A sudden fit of coughing seized her, and while she shook with it Camelia came in. Mary’s coughing irritated Camelia, but she did not want to hurt her feelings by departing before it after getting the newspaper she had come for, so, walking to the table, she said, taking up and opening the Times with a large rustling—

“All alone, Mary?”

“Yes,” Mary replied. The coughing left her, and she clenched her handkerchief in her hand. The madness rose again, lit by a keener sense of horror.

“But Mr. Perior came in, did he not?” Camelia scanned the columns, her back to the light.

“Yes,” Mary repeated.

“Well, what did he have to say?” Camelia felt her tone to be satisfactorily detached.
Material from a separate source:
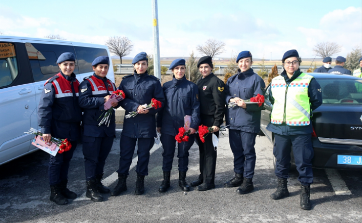 Kadın jandarmalar, Kayseri-Ankara kara yolu uygulama noktasında durdurdukları araçların kadın sürücülerine, araçlarda ve yolcu otobüsünde seyahat eden kadınlara karanfil verdi. Kadın sürücü ve yolcular, jandarma personeliyle günün anısına fotoğraf çektirdi.
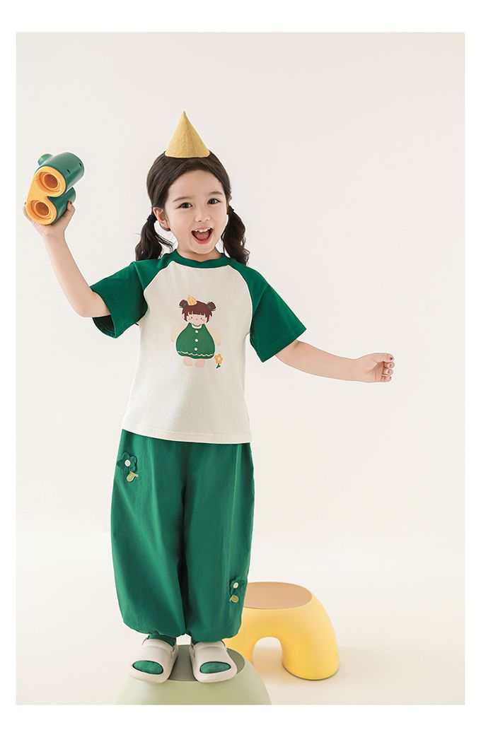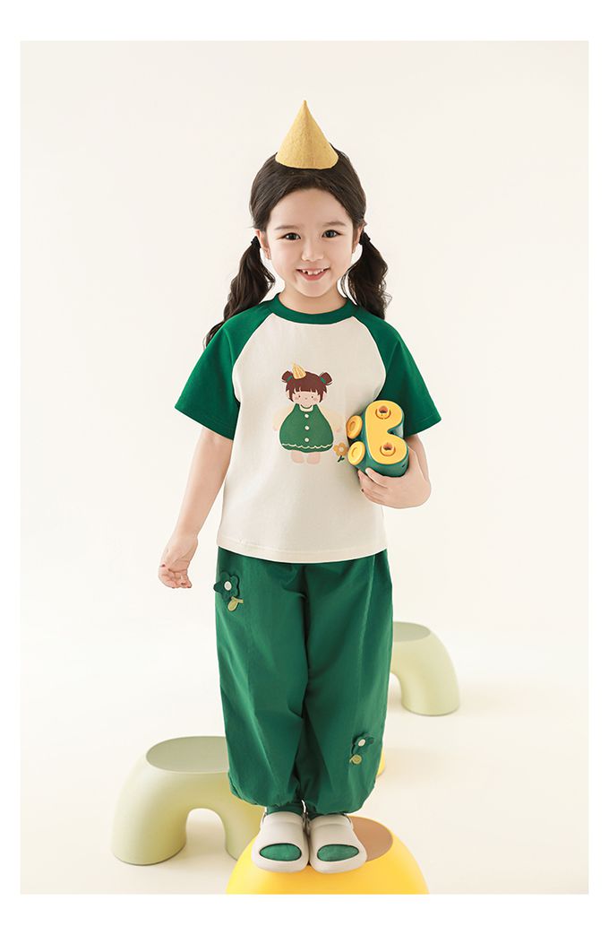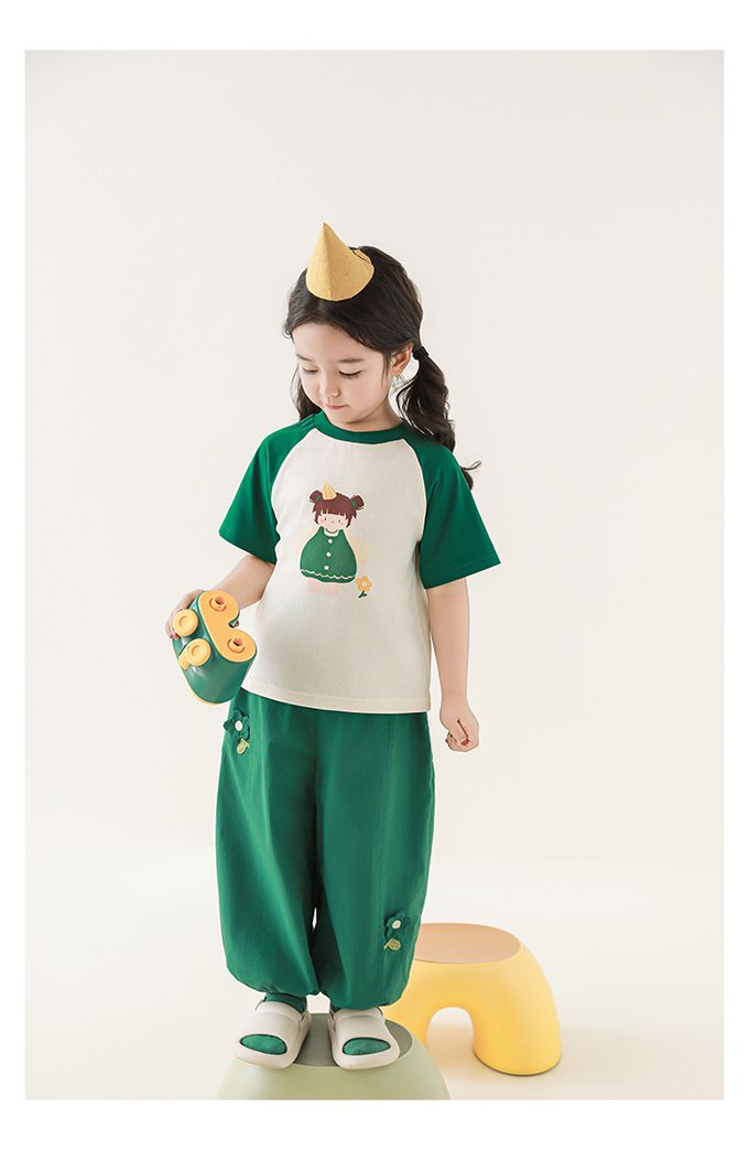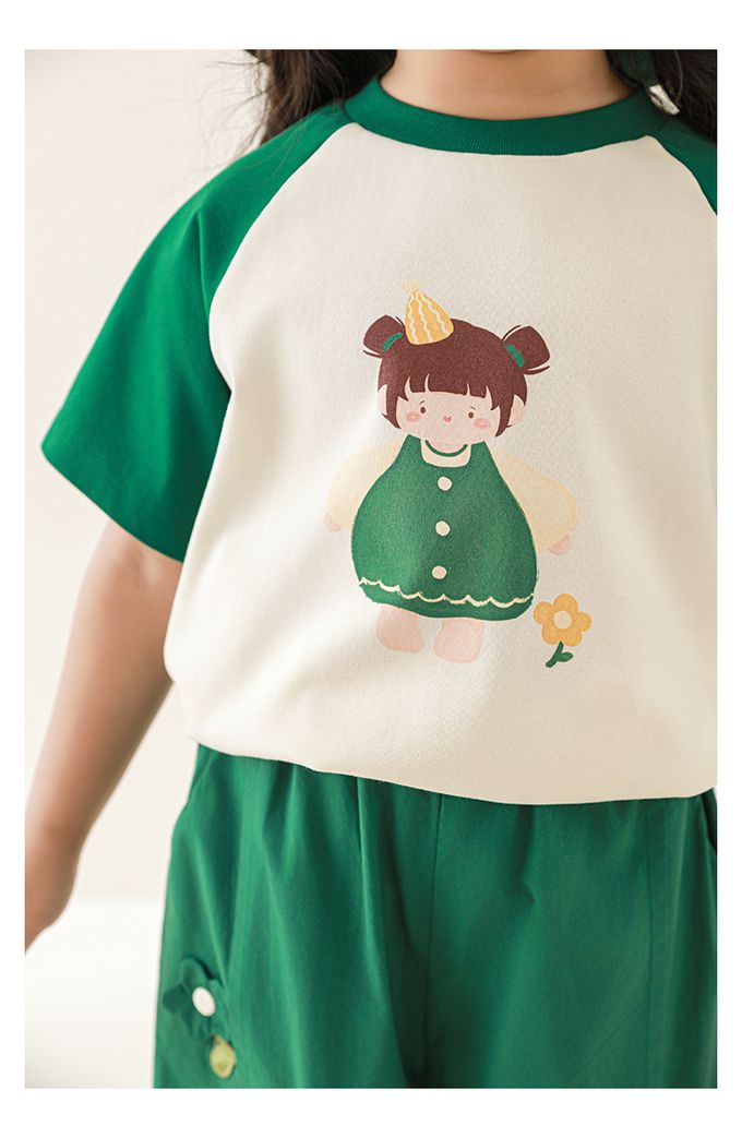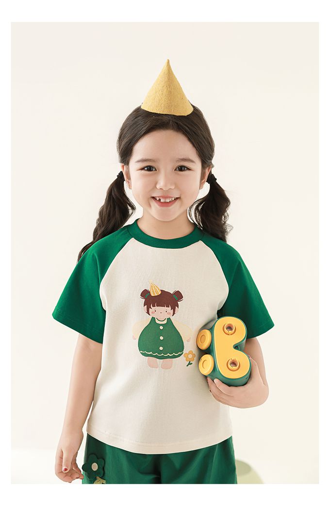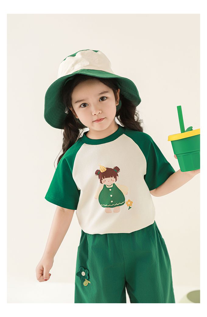 圓領微寬鬆拼色短袖上衣-萌萌女孩-深綠

She wanted to know. That sense of something lacking, something even awkward, had become almost acute this morning; only her quiet gaiety had bridged it over. Mary was again looking out of the window. An inner impulsion made her say in a tone as dull as her look—

“He said he was dreary.”

The Times rustled with a somewhat aggressive effect of absorption, and then Camelia laid it down. Something in Mary’s voice angered her; it implied a sympathy from which she was to be shut out; he had not said to her that he was dreary. But she still kept her tone very light as she walked to the fire.

“Well, he is always that—is he not?” she commented, holding out a foot to the blaze; “a very glum person indeed is my good Alceste.”

Mary did not reply, and Camelia, with a quick turn of conjecture that seemed to cut her, wondered if there had been further confidences. She paused for a moment, swallowed on a rising tremor of apprehension, before saying, as she turned her back to the fire and faced the figure at the table—the figure’s heavy uncouthness of attitude making her a little angrier—“What further moans did my melancholy friend pour into your sympathetic bosom, Mary?” Mary, looking steadily out of the window, felt the flame rising.